Pulmonary vascular remodelling is an important manifestation of the development and progression of PH, as evidenced by the hypertrophy and hyperproliferation of HPASMCs. IL-18 and IL-1β act as bridges to tightly link pyroptosis and pulmonary vascular remodelling. As described above, both IL-18 and IL-1β have a role in promoting the proliferation and hypertrophy of HPASMCs. This suggests that DSF inhibits PASMC proliferation and hypertrophy by reducing pyroptosis, which ultimately slows the process of pulmonary artery remodelling.
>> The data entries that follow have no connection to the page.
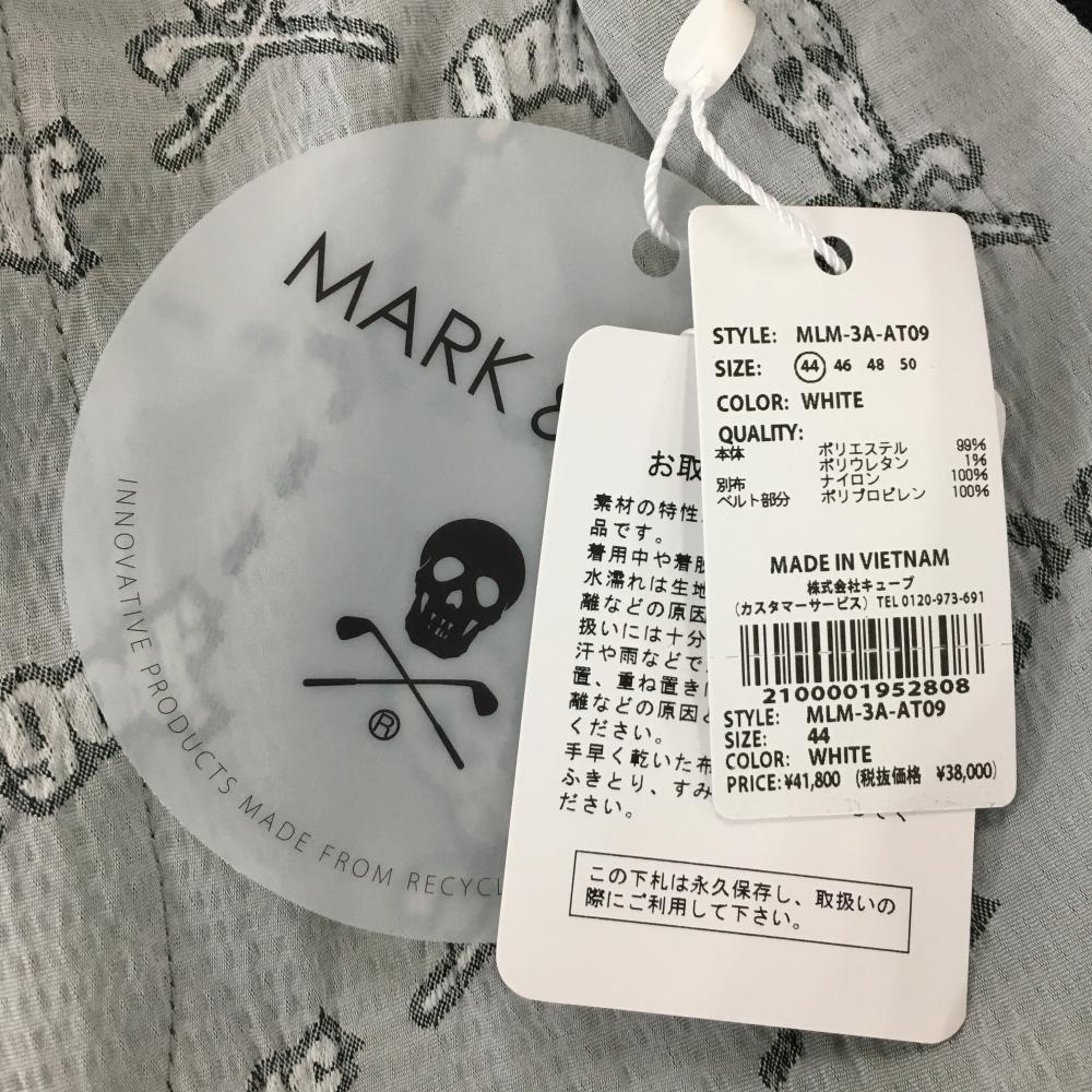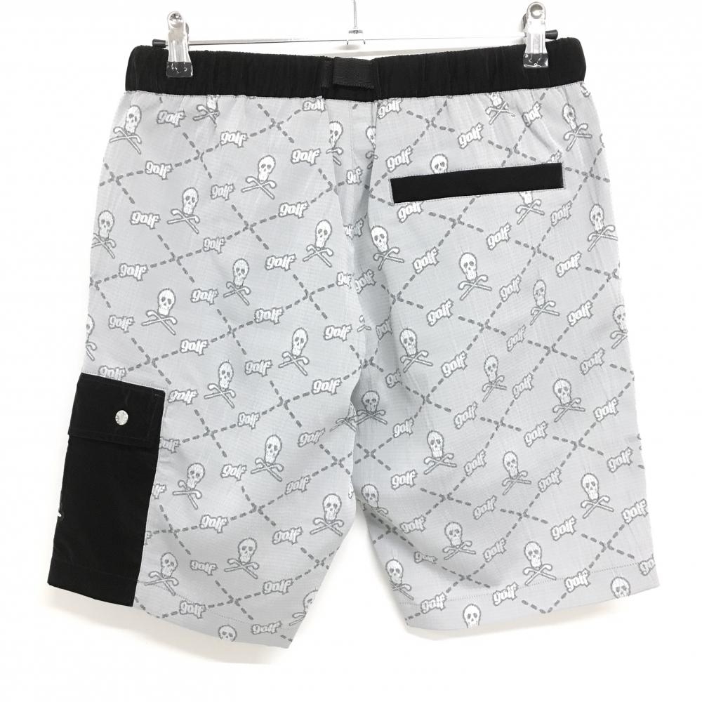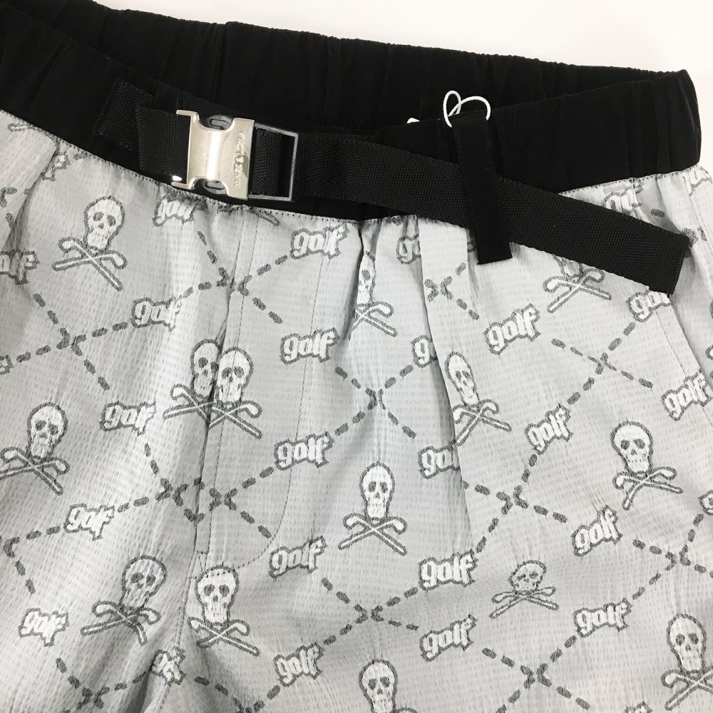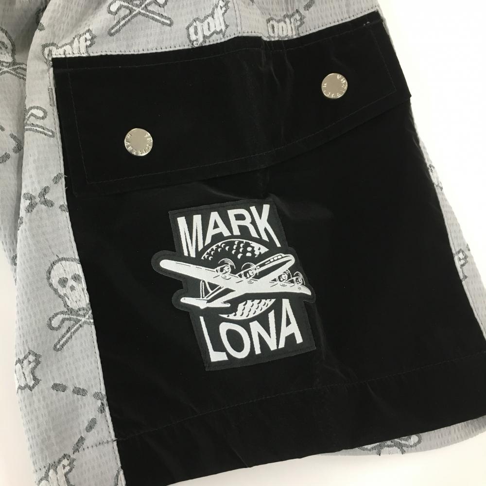 【新品】マークアンドロナ ハーフパンツ グレー×黒 スカル総柄 織生地 薄手 メンズ 44(S) ゴルフウェア 2023年モデル MARK&LONA
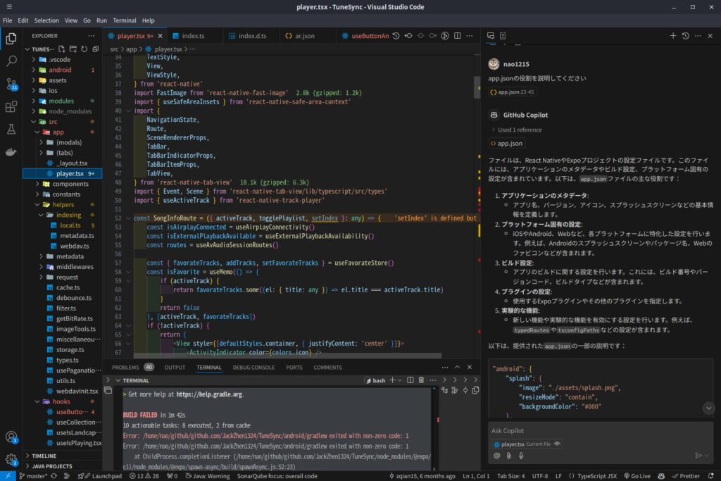 また、生成AIは、技術に対する理解度を上げるのに役立ちます。例えば、2023年の私はDomain Driven Designに関する理解が曖昧だったので、生成AIに様々な視点の質問を繰り返しました。その後、書籍と生成AIを組み合わせて学習することで、かなり理解度が上がりました。2024年はSoftware Designに寄稿する記事に対する技術的な指摘をChatGPTに任せましたし、2025年現在もReact NativeプロジェクトをVS Codeで開きながら、GitHub Copilotに学習補助してもらっています。
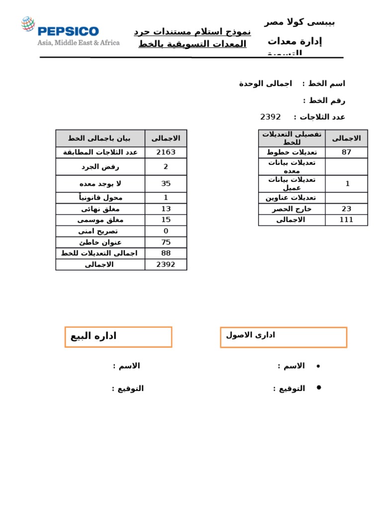 نموذج استلام مستندات جرد الثلاجات بالخط البيعى

Conclusion and perspectives

In this study, we found that the DSF-triggered reduction in pyroptosis in the lungs was mainly derived from reduced N-GSDMD production in HPASMCs in hypoxia-exposed mice and rats rather than from the NLRP3-ASC-caspase1-GSDMD pathway. The reduced release of IL-18 and IL-1β following DSF treatment is consistent with the downregulation of pyroptosis. This suggests that DSF exerts beneficial effects on PH by inducing reduced N-GSDMD production in HPASMCs. There is an unmet demand for therapeutic approaches concentrating on pulmonary vascular remodelling in the clinic. Our results suggest that DSF may become a therapeutic option for PH patients.